Your task ▸ All of the entries need to be printed again exactly; pictures are the only thing to omit.

Top of Available data

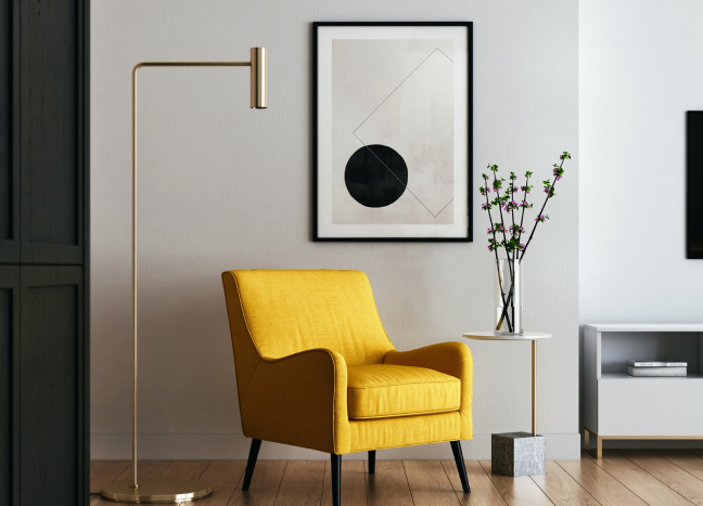 Премиальный напольный торшер золотистого оттенка
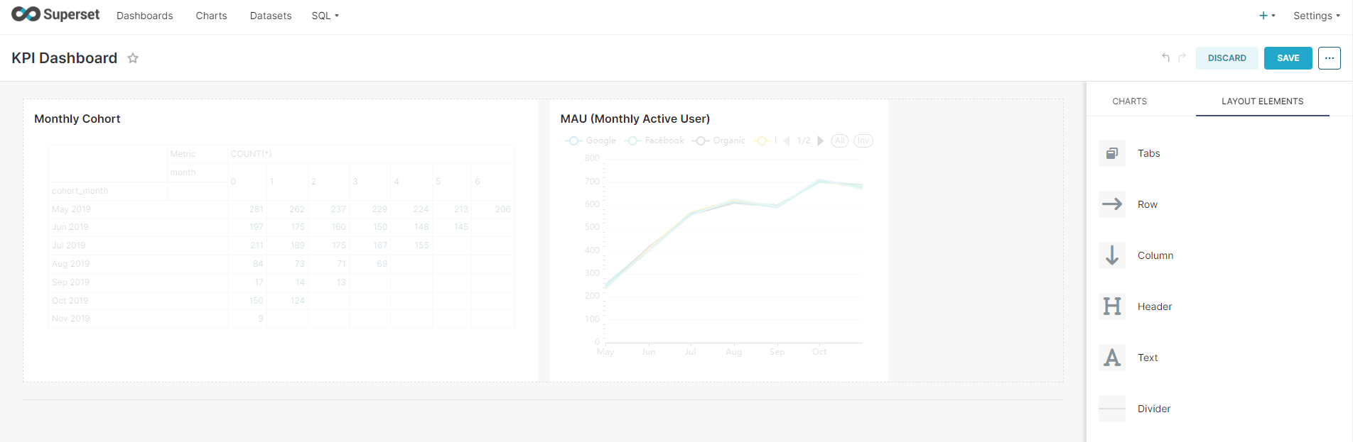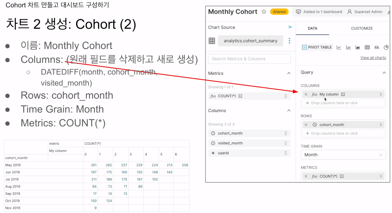 이번 시간에는 Cohort 차트를 만들고 이전에 만든 MAU 차트와 합쳐 하나의 대시보드를 만들려고 합니다.
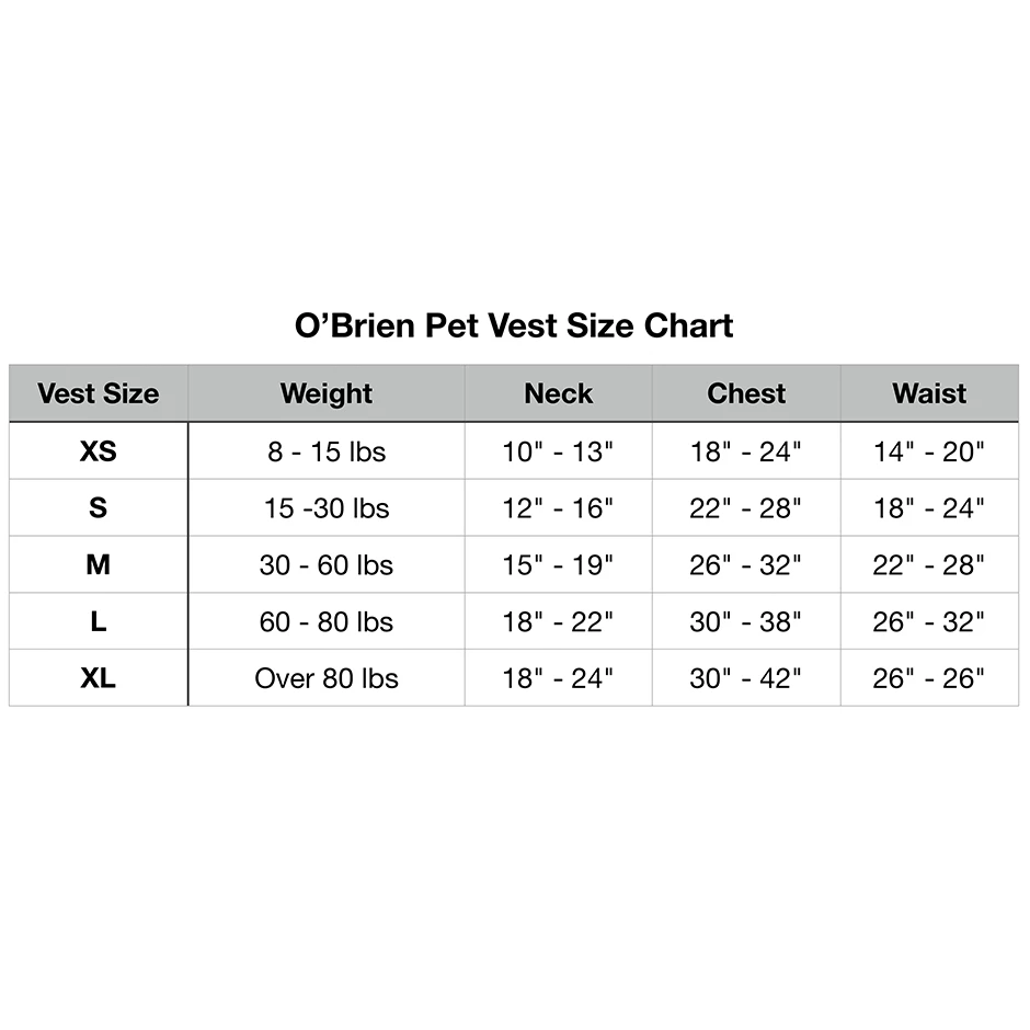 Does your dog love being on the water as much as you do? Keep them safe with the O’Brien Pet Vest. Designed for dogs of all shapes and sizes, this vest features one neck buckle and two adjustable ladder locks to fit securely around your furry friend while they are playing in the water. This vest also includes a strong nylon handle on the back to make for easy water retrieval. Check out the size chart to see which Pet Vest will suit your dog’s needs.
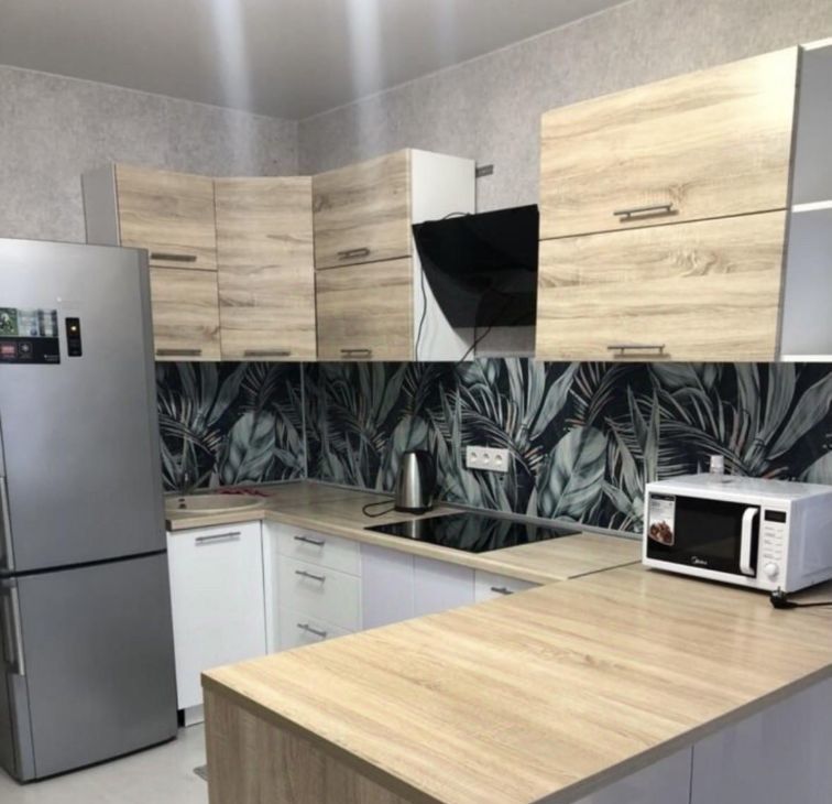 Шкаф купе, диван, комод , кухонный гарнитур с панелью варочной встроенной,стиральная машинка, холодильник,вытяжка, микроволновка.
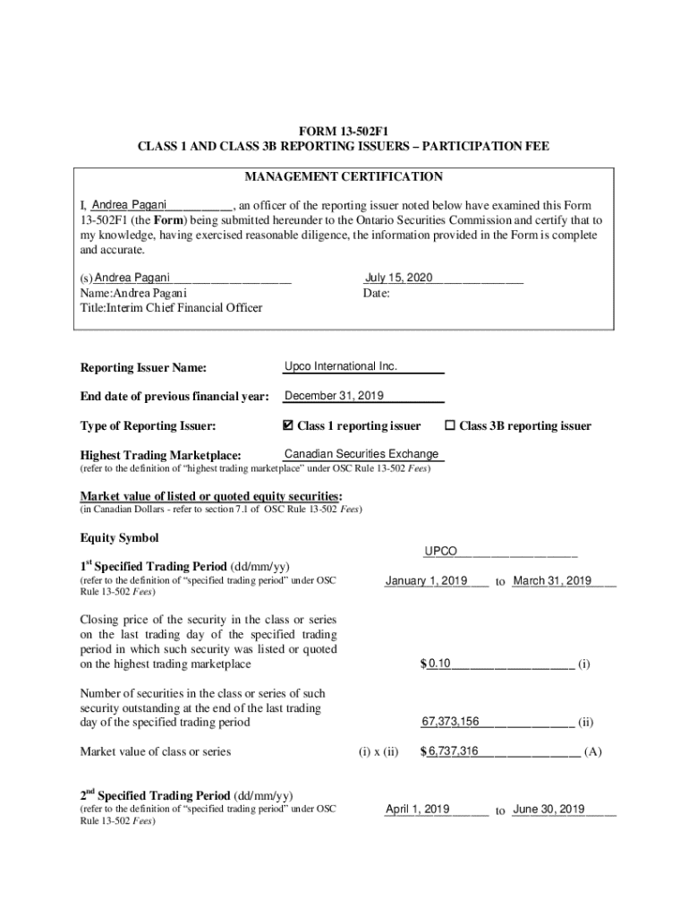 FORM 13502F1 CLASS 1 AND CLASS 3B REPORTING ISSUERS PARTICIPATION FEE MANAGEMENT CERTIFICATION Andrea Pagani I, ___, an officer of the reporting issuer noted below have examined this Form 13502F1
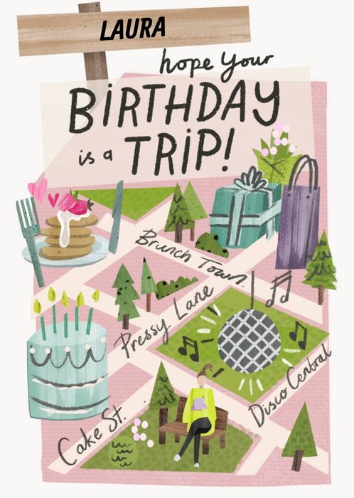 "Laura. Hope your birthday is a trip! Brunch Town. Pressy Lane. Cake St. Disco Central."
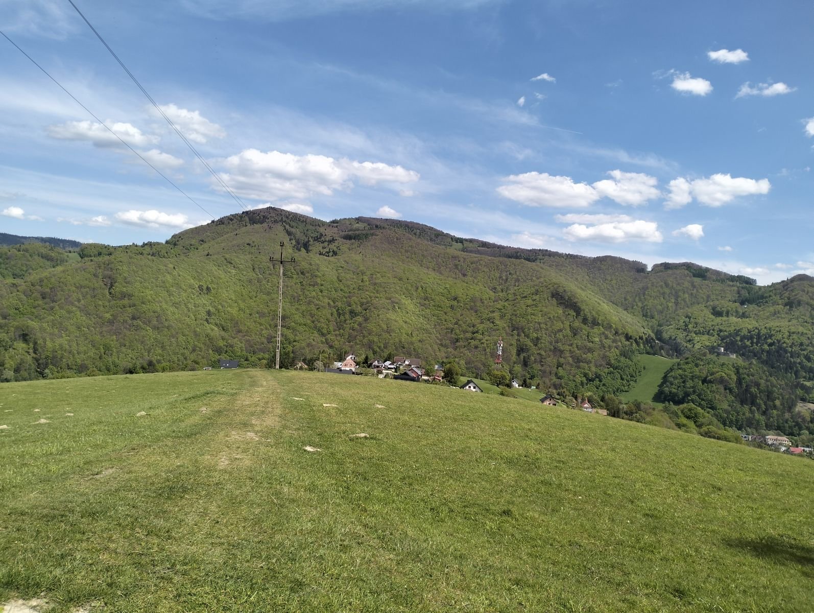 Takie piękne widoki. Góra Połom 503 m n.p.m. Biegnie tu żółty szlak gminny, który przebiega właśnie pod wiatrakiem. Widać, że jest to popularne miejsce, dookoła sporo piknikujących osób.

Bottom of Available data

Solved problem ▸
 Премиальный напольный торшер золотистого оттенка
 이번 시간에는 Cohort 차트를 만들고 이전에 만든 MAU 차트와 합쳐 하나의 대시보드를 만들려고 합니다.
 Does your dog love being on the water as much as you do? Keep them safe with the O’Brien Pet Vest. Designed for dogs of all shapes and sizes, this vest features one neck buckle and two adjustable ladder locks to fit securely around your furry friend while they are playing in the water. This vest also includes a strong nylon handle on the back to make for easy water retrieval. Check out the size chart to see which Pet Vest will suit your dog’s needs.
 Шкаф купе, диван, комод , кухонный гарнитур с панелью варочной встроенной,стиральная машинка, холодильник,вытяжка, микроволновка.
 FORM 13502F1 CLASS 1 AND CLASS 3B REPORTING ISSUERS PARTICIPATION FEE MANAGEMENT CERTIFICATION Andrea Pagani I, ___, an officer of the reporting issuer noted below have examined this Form 13502F1
 "Laura. Hope your birthday is a trip! Brunch Town. Pressy Lane. Cake St. Disco Central."
 Takie piękne widoki. Góra Połom 503 m n.p.m. Biegnie tu żółty szlak gminny, który przebiega właśnie pod wiatrakiem. Widać, że jest to popularne miejsce, dookoła sporo piknikujących osób.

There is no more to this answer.